• WHAT TO DO
Every word in the data below belongs in your copy, exactly as given; the pictures do not.

• MATERIAL PROVIDED
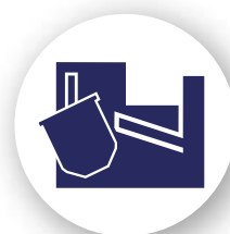
Sidérurgie / Équipements
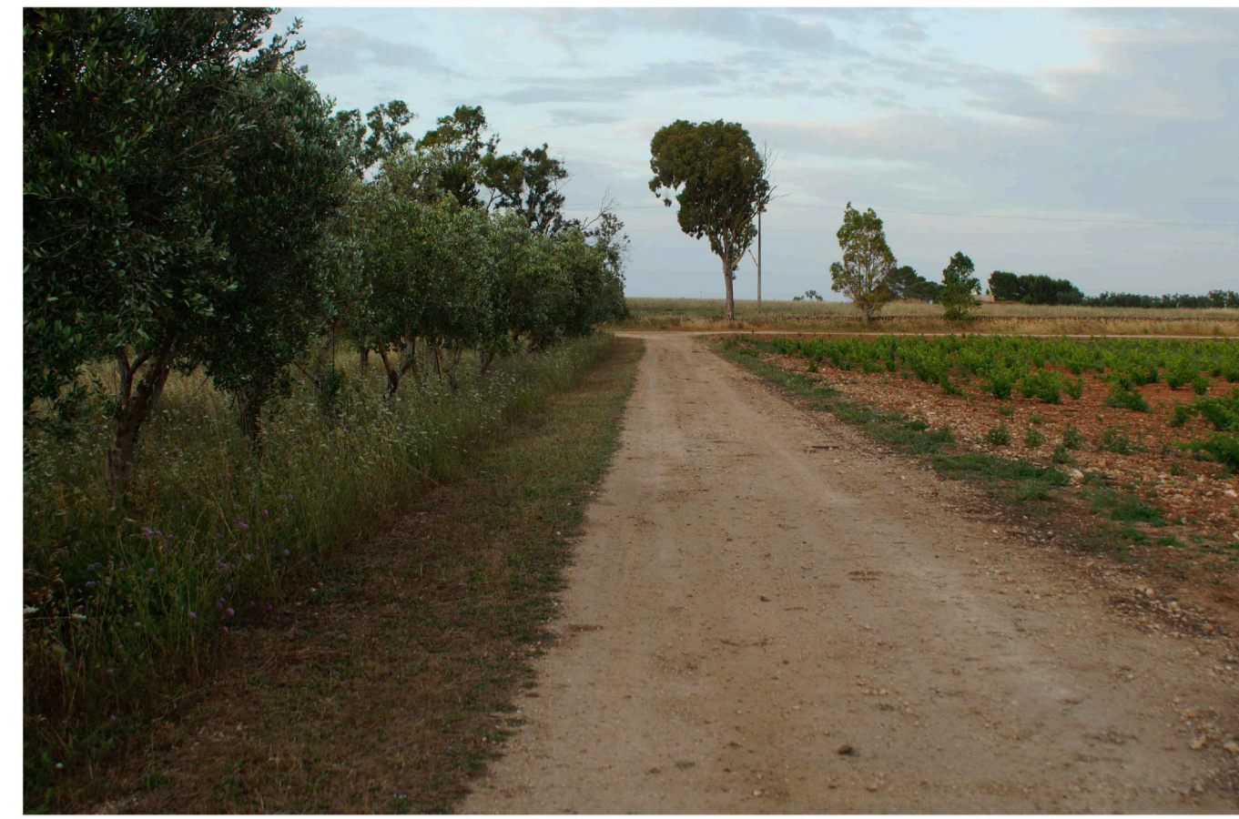
Sito: Grotte. Stato di Fatto
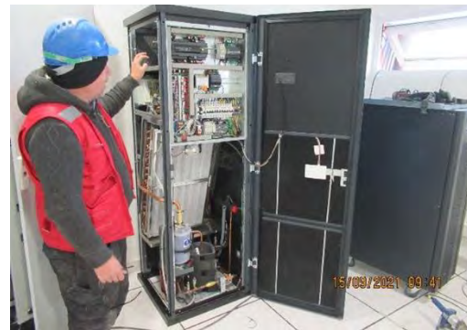
Edificio ARO-SAM-CMRS: INSTALACIÓN EQ. CLIMA DE PRECISIÓN

• OUTPUT BELOW
Sidérurgie / Équipements
Sito: Grotte. Stato di Fatto
Edificio ARO-SAM-CMRS: INSTALACIÓN EQ. CLIMA DE PRECISIÓN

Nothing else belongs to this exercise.